=== TASK ===
What you return should be the lines of the data containing "with", each in full.

=== AVAILABLE RECORDS ===
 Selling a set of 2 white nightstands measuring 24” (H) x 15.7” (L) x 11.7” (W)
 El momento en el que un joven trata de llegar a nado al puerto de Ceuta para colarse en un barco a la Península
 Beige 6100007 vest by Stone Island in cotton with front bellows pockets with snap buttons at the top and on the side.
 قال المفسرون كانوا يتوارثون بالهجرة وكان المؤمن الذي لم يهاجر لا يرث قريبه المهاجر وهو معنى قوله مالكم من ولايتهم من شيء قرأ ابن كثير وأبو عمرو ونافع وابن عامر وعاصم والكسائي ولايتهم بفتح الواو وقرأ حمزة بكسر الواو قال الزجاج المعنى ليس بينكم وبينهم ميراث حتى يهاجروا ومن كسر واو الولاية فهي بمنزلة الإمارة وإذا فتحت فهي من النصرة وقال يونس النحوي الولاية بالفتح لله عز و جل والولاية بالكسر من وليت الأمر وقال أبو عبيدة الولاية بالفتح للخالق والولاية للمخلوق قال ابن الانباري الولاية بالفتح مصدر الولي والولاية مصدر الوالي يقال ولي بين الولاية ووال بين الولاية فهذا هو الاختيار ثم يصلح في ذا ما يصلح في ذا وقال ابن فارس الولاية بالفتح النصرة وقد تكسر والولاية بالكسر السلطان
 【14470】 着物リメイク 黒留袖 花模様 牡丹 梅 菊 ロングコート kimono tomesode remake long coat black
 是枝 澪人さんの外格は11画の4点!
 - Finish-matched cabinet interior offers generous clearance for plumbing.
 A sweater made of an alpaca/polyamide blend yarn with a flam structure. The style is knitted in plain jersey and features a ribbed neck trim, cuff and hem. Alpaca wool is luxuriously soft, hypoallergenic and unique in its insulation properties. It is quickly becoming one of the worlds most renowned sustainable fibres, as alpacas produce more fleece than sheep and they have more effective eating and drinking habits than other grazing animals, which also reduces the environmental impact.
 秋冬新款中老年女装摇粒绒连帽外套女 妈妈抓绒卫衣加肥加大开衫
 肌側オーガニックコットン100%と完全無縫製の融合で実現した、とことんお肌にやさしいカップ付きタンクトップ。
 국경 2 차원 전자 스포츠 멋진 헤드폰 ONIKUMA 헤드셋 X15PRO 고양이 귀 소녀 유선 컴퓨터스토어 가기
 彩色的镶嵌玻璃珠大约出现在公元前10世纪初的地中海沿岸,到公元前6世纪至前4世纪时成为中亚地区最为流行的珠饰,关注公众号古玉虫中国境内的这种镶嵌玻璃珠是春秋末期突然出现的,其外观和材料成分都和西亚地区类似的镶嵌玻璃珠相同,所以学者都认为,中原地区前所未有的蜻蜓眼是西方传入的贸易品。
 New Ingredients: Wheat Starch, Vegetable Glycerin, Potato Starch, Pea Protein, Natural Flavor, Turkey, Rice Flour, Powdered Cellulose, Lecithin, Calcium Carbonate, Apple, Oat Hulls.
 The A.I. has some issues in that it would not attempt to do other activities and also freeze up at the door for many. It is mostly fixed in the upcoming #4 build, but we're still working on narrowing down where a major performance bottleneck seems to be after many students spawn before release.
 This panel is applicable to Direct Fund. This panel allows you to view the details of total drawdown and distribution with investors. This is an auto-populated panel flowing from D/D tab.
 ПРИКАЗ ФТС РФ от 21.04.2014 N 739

=== EXPECTED ANSWER ===
 Beige 6100007 vest by Stone Island in cotton with front bellows pockets with snap buttons at the top and on the side.
 A sweater made of an alpaca/polyamide blend yarn with a flam structure. The style is knitted in plain jersey and features a ribbed neck trim, cuff and hem. Alpaca wool is luxuriously soft, hypoallergenic and unique in its insulation properties. It is quickly becoming one of the worlds most renowned sustainable fibres, as alpacas produce more fleece than sheep and they have more effective eating and drinking habits than other grazing animals, which also reduces the environmental impact.
 This panel is applicable to Direct Fund. This panel allows you to view the details of total drawdown and distribution with investors. This is an auto-populated panel flowing from D/D tab.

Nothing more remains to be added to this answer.